■ Material for the task ■
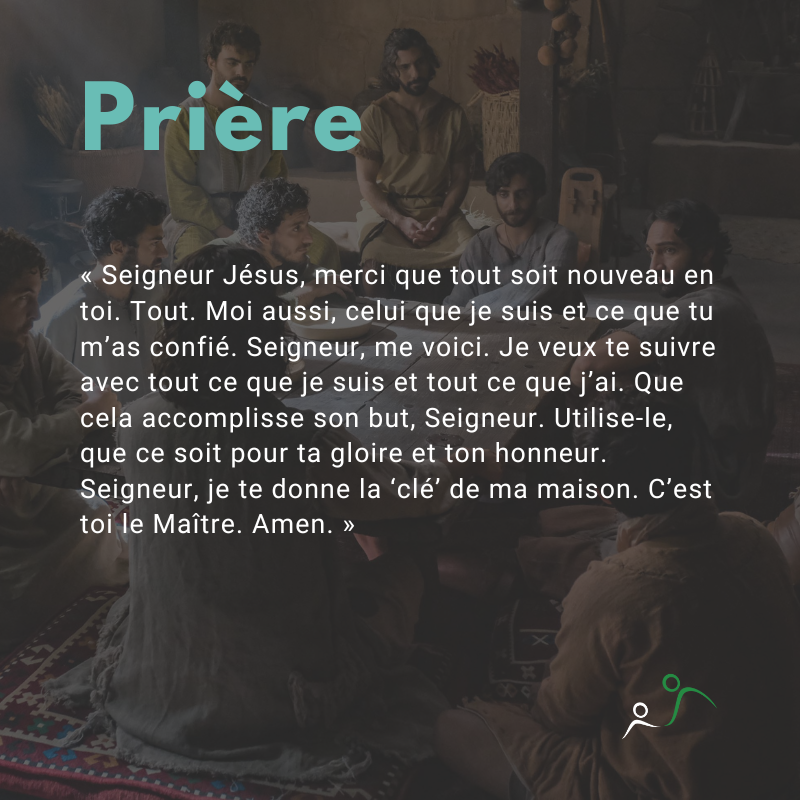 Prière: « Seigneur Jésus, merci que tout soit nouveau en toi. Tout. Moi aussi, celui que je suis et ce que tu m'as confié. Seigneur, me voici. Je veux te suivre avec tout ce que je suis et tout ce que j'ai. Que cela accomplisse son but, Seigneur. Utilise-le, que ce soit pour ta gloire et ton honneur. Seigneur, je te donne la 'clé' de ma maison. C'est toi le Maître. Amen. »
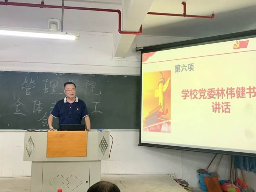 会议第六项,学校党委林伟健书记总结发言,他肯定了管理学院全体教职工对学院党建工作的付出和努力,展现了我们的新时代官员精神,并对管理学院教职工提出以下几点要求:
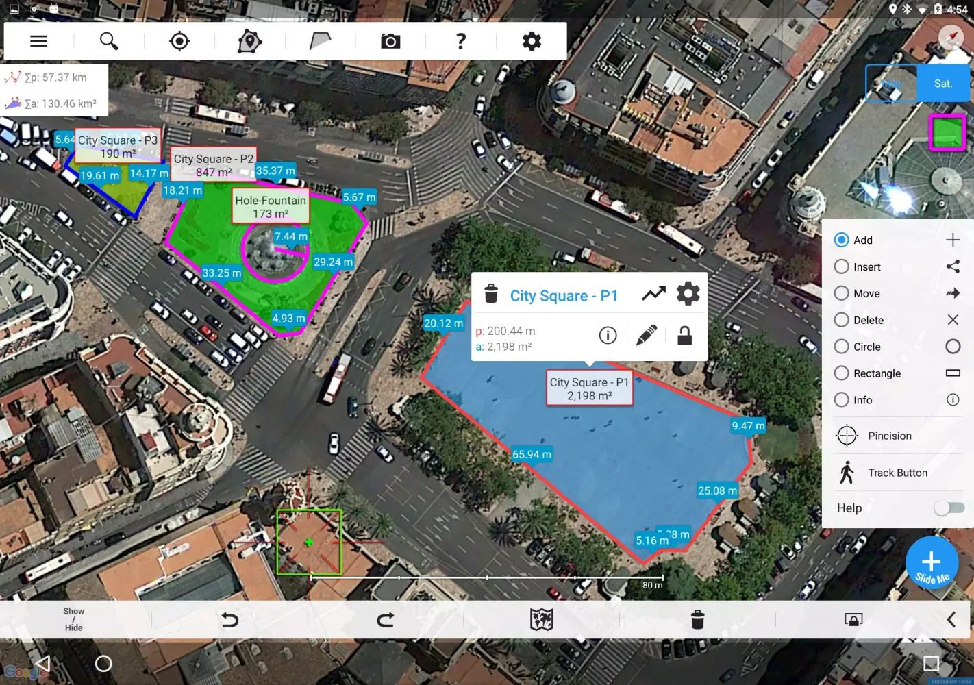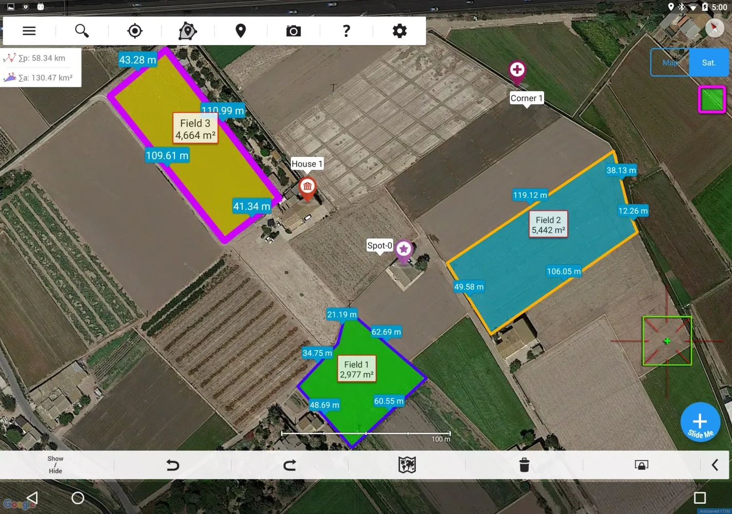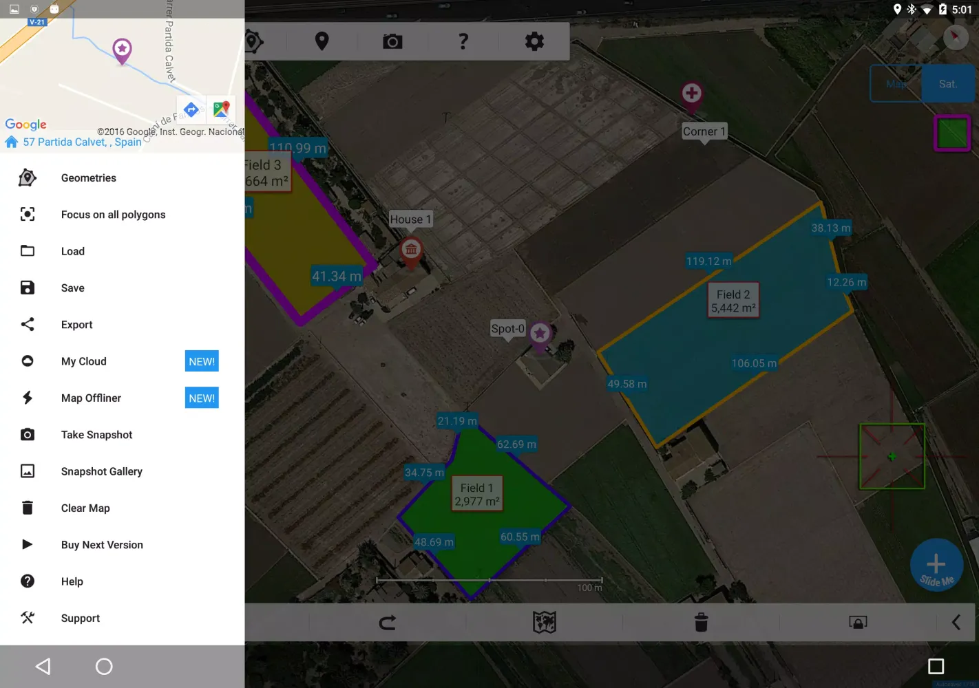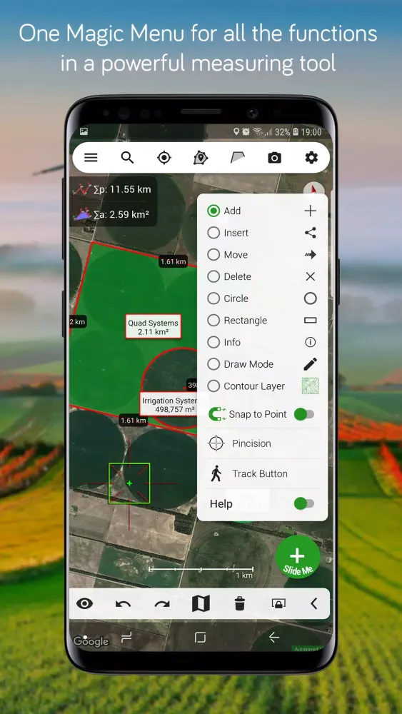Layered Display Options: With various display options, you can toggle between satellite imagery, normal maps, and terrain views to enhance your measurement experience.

...

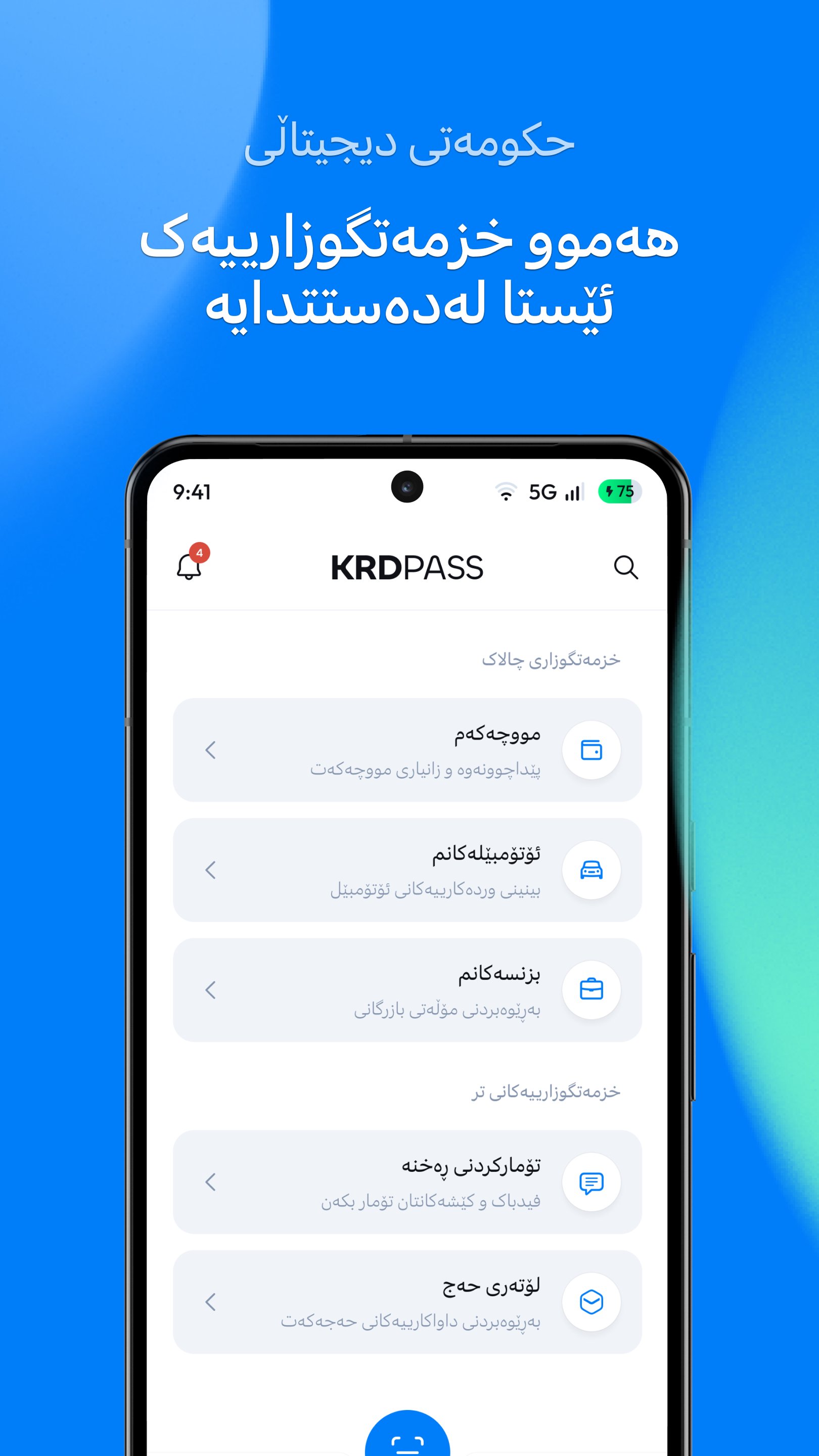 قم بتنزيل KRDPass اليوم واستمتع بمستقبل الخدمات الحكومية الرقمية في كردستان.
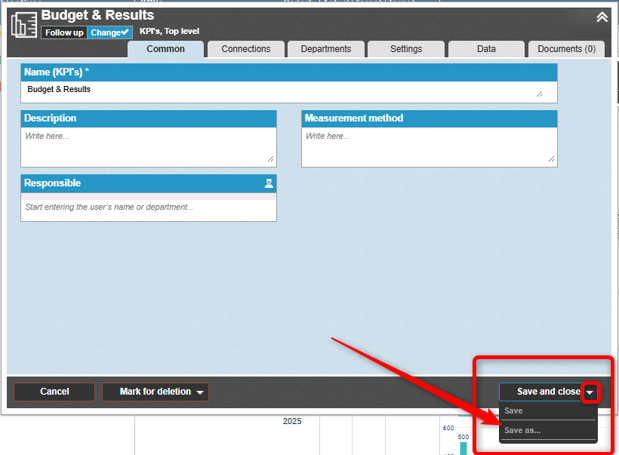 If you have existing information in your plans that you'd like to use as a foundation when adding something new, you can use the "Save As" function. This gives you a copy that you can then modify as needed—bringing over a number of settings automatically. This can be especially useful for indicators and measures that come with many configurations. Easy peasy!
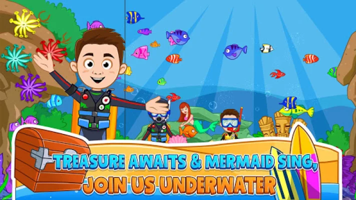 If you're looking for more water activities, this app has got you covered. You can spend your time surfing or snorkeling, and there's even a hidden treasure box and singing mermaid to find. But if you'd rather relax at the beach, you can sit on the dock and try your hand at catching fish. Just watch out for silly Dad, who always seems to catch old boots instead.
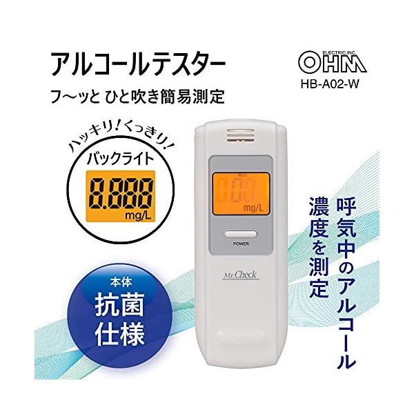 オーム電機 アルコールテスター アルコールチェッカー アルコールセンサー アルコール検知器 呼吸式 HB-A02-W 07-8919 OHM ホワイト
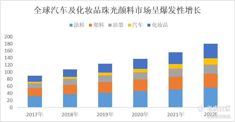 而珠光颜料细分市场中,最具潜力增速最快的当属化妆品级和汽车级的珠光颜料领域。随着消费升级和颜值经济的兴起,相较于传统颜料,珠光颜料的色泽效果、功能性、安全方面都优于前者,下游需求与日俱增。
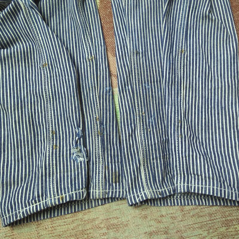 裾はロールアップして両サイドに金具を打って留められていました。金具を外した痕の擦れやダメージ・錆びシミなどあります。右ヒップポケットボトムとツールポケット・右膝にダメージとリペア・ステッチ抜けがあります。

■ To do ■
Reproduce, word for word, everything in the listing above from the line containing "If you're looking" down to the line containing "裾はロールアップして両サイド", both of them included. No pictures.

■ Task response ■
 If you're looking for more water activities, this app has got you covered. You can spend your time surfing or snorkeling, and there's even a hidden treasure box and singing mermaid to find. But if you'd rather relax at the beach, you can sit on the dock and try your hand at catching fish. Just watch out for silly Dad, who always seems to catch old boots instead.
 オーム電機 アルコールテスター アルコールチェッカー アルコールセンサー アルコール検知器 呼吸式 HB-A02-W 07-8919 OHM ホワイト
 而珠光颜料细分市场中,最具潜力增速最快的当属化妆品级和汽车级的珠光颜料领域。随着消费升级和颜值经济的兴起,相较于传统颜料,珠光颜料的色泽效果、功能性、安全方面都优于前者,下游需求与日俱增。
 裾はロールアップして両サイドに金具を打って留められていました。金具を外した痕の擦れやダメージ・錆びシミなどあります。右ヒップポケットボトムとツールポケット・右膝にダメージとリペア・ステッチ抜けがあります。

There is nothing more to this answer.